In the listing below, locate the line with "Immunohistochemistry: In paraffin" and the line with "Лошадь на плацу", then output both and everything between them exactly, minus any pictures.

**Material for this exercise**
===============

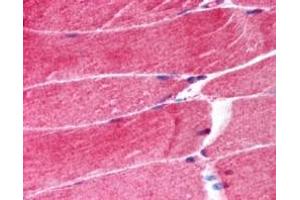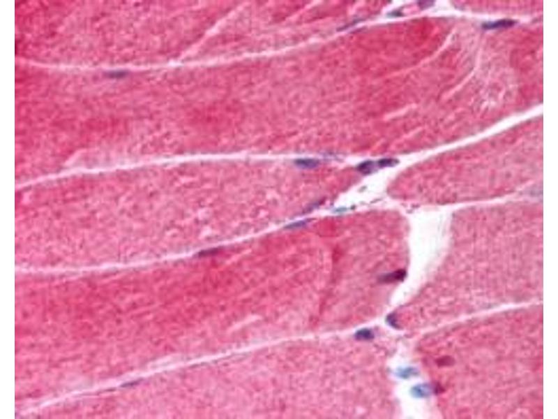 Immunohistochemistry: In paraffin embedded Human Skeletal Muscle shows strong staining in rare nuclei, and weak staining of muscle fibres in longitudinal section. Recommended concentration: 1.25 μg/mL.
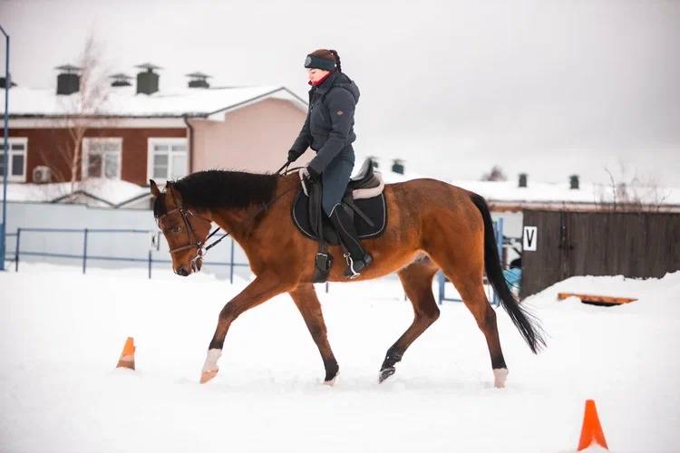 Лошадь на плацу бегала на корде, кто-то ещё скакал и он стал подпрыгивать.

===============

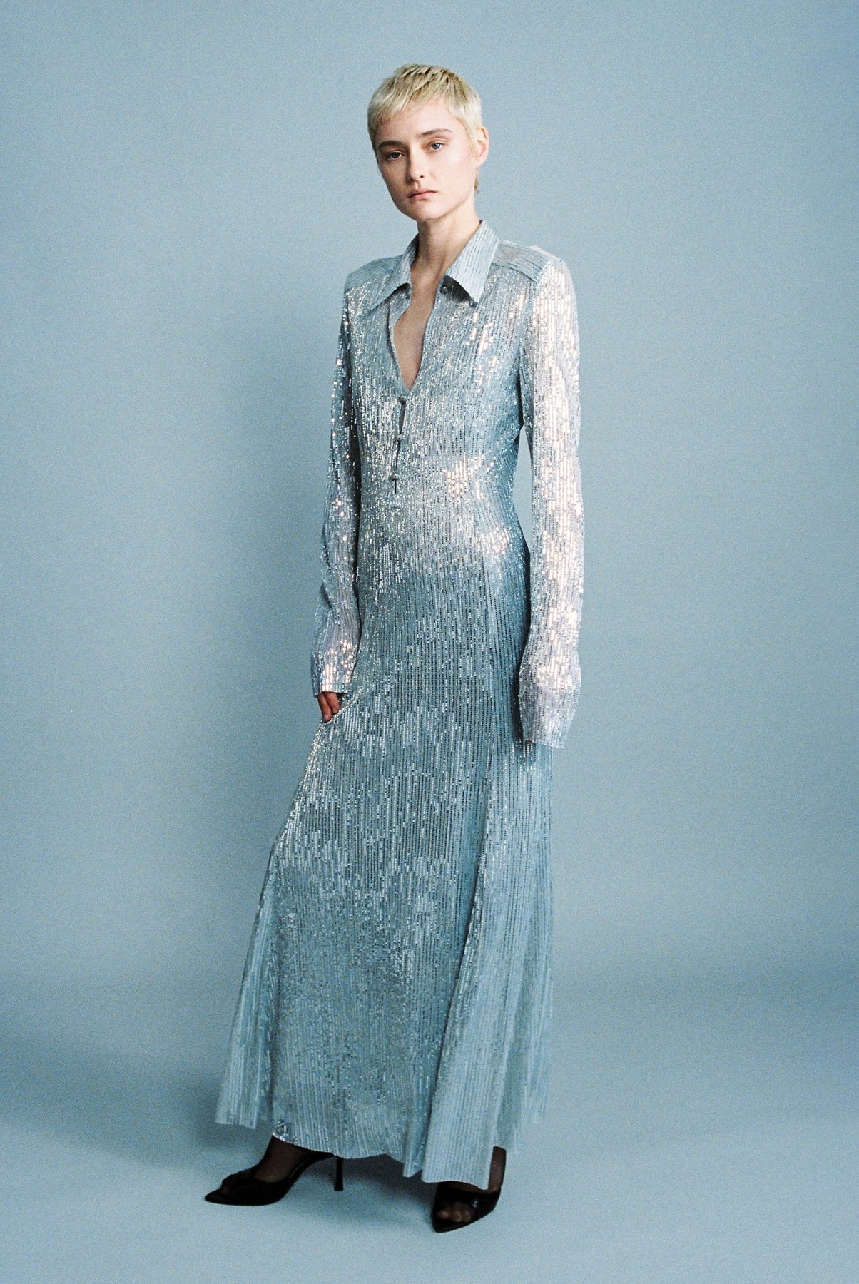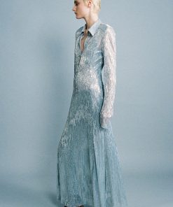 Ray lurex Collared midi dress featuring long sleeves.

===============

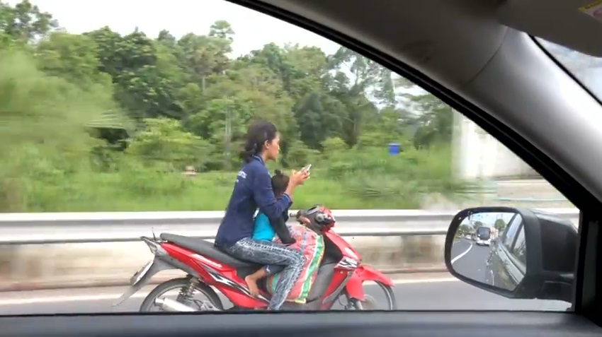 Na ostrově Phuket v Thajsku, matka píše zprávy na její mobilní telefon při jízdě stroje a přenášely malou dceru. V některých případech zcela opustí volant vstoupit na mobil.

===============

**Answer to the problem**
 Immunohistochemistry: In paraffin embedded Human Skeletal Muscle shows strong staining in rare nuclei, and weak staining of muscle fibres in longitudinal section. Recommended concentration: 1.25 μg/mL.
 Лошадь на плацу бегала на корде, кто-то ещё скакал и он стал подпрыгивать.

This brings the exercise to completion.